Kompleks Parlemen, Jakarta. Foto: Metrotvnews.com/Fachri Audhia Hafiez.
Pemerataan Infrastruktur di Wilayah 3T Didorong Diperkuat
Fachri Audhia Hafiez • 21 July 2026 08:00
Jakarta: Pemerataan pembangunan infrastruktur bagi masyarakat di kawasan tertinggal, terdepan, dan terluar (3T) didorong diperkuat. Pembangunan konektivitas dinilai harus memprioritaskan pemenuhan akses layanan dasar warga.
“Infrastruktur seharusnya bisa menjamin akses masyarakat terhadap layanan dasar, mulai dari pendidikan, kesehatan, hingga transportasi yang menjadi kebutuhan hidup warga sehari-hari,” kata anggota Komisi V DPR, Irine Yusiana Roba Putri, dalam keterangannya, Senin, 20 Juli 2026.
Baca Juga :
Irine menyoroti peristiwa evakuasi pasien menggunakan perahu menembus ombak di Pulau Taliabu, Maluku Utara. Selain itu, dia menyoroti sempat berhentinya subsidi angkutan kapal perintis di Nusa Tenggara Timur (NTT).

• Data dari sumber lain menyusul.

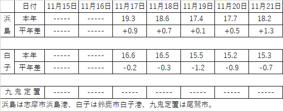 | 熊野灘周辺の概況 | 11月20日に調査船が実施した調査によると、浮魚礁の表面水温は、No.1では21℃台前半、No.2では23℃台前半、No.4では22℃台後半を観測した。No.1では北寄りに約0.5〜0.6kt、No.2では北西寄りに約1.2〜1.3kt、No.4では南西寄りに約0.5ktの流れを観測した。 |

Meskipun Kementerian Perhubungan dan PT ASDP Indonesia Ferry (Persero) telah memastikan operasional kapal perintis di seluruh wilayah tetap berlanjut hingga akhir 2026, Irine meminta pemerintah mengevaluasi efektivitas anggaran program. Dia berharap agar anggaran lebih berpihak pada kebutuhan nyata rakyat.
Ia menekankan agar ketersediaan dermaga, angkutan antarpulau yang aman, hingga fasilitas ambulans laut dimasukkan ke dalam desain pembangunan nasional.
“Di daerah kepulauan, pembangunan dermaga pelayanan masyarakat dan jalur transportasi antarpulau yang aman menjadi kebutuhan premier bagi mereka," ucap Irene.

Layanan penyeberangan perintis yang dikelola oleh ASDP. ANTARA/HO-ASDP.
Guna menyelesaikan persoalan layanan transportasi publik di kawasan kepulauan ini, Komisi V DPR bersama pimpinan DPR menggelar rapat pembahasan khusus bersama pemerintah.
“Kita akan coba mencari solusi yang bisa kita dorong kepada pemerintah. Sehingga, hak-hak dasar masyarakat terhadap pemenuhan layanan publik benar-benar hadir di tengah mereka, khususnya bagi warga terpencil di daerah kepulauan,” ucap Irine.